Megh Computing’s PK Gupta joins the conversation to talk about video analytics delivery, customization and more.
Megh Computing is a fully customizable, cross-platform video analytics solution provider for real-time, actionable insights. The company was founded in 2017 and is based in Portland, Oregon with development offices in Bangalore, India.
Co-founder and CEO PK Gupta joins the conversation to talk about analytics delivery, customization and more.
As technology keeps moving to the forefront with video analytics and smart sensors, what are the tradeoffs versus cloud deployment?
GUPTA: The demand for edge analytics is increasing rapidly with the explosion of streaming data from sensors, cameras and other sources. Of these, video remains the dominant data source with over a billion cameras deployed worldwide. Companies want to use analytics to extract information from these data streams to create business value.
Increasingly, most of this processing is performed at the edge near the data source. Moving the data to the cloud for processing incurs transmission costs, potentially increases security risks, and introduces latency in response time. Therefore intelligent video analysis [IVA] moves to the edge.
Many end users are concerned about sending video data externally; What are the options for on-premises processing and cloud benefits?
GUPTA: Many IVA solutions force users to choose between deploying their solution on-premises at the edge or hosting it in the cloud. Hybrid models allow on-premises deployments to take advantage of the scalability and flexibility of cloud computing. In this model, the video processing pipeline is split between local processing and cloud processing.
In a simple implementation, only the metadata is forwarded to the cloud for storage and search. In another implementation, data ingestion and transformation occurs at the edge. Only frames with activity are forwarded to the cloud for processing for analysis. This model is a good compromise between latency and cost between edge processing and cloud computing.
Image-based video analytics has historically required filtering services due to false alarms; How does deep learning reduce them?
GUPTA: Traditional IVA attempts have failed to meet enterprise expectations due to limited functionality and poor accuracy. These solutions use image-based video analytics with computer vision processing for object detection and classification. These techniques are error-prone, which necessitates the provision of filtering services.
In contrast, techniques that use optimized deep learning models trained to recognize people or objects, coupled with analysis libraries for the business rules, can essentially eliminate false positives. Special deep learning models can be built for custom use cases like PSA compliance, collision avoidance, etc.
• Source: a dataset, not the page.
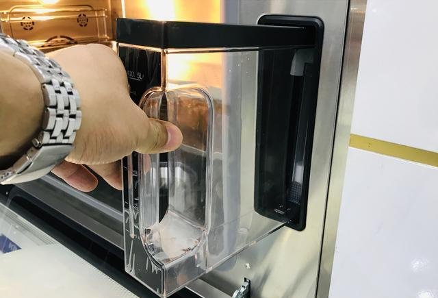 側面是大容量蒸箱水箱,1.5升容量不擔心不夠用。即便是喜歡煲湯的老廣,蒸4-5個小時也不用擔心,操作臺的右上方還有一個添水孔,無需打開艙門即可加水,完全不必擔心蒸汽溫度下降,而影響食材的口感。

We often hear “custom use cases” with video AI; what does that mean?
GUPTA: Most use cases must be customized to meet the functional and performance requirements for deploying IVA. The first universally required level of customization includes the ability to configure the surveillance zones in the camera’s field of view, set analysis thresholds, configure the alarms, and set the frequency and recipients of notifications. These configuration options should be provided through a dashboard with graphical interfaces to allow users to set up the analytics for proper operation.
The second level of customization involves updating the video analytics pipeline with new deep learning models or new analytics libraries to improve performance. The third level involves training and deploying new deep learning models to implement new use cases, e.g. B. a model for detecting PPE for worker safety or counting inventory items in a retail store.
Can smart sensors like lidar, presence detection, radar, etc. be integrated into an analytics platform?
GUPTA: IVA typically only processes video data from cameras and provides insights based on analysis of the images. And sensor data is typically analyzed by separate systems to glean insights from lidar, radar, and other sensors. A human operator is inserted into the loop to combine the results from the different platforms to reduce false positives for specific use cases like tailgating, employee authentication, etc.
An IVA platform that can ingest data from cameras and sensors through the same pipeline and use contextual analysis powered by machine learning can provide insights for these and other use cases. The contextual analysis component can be configured with simple rules and can then learn to improve the rules over time to provide highly accurate and meaningful insights.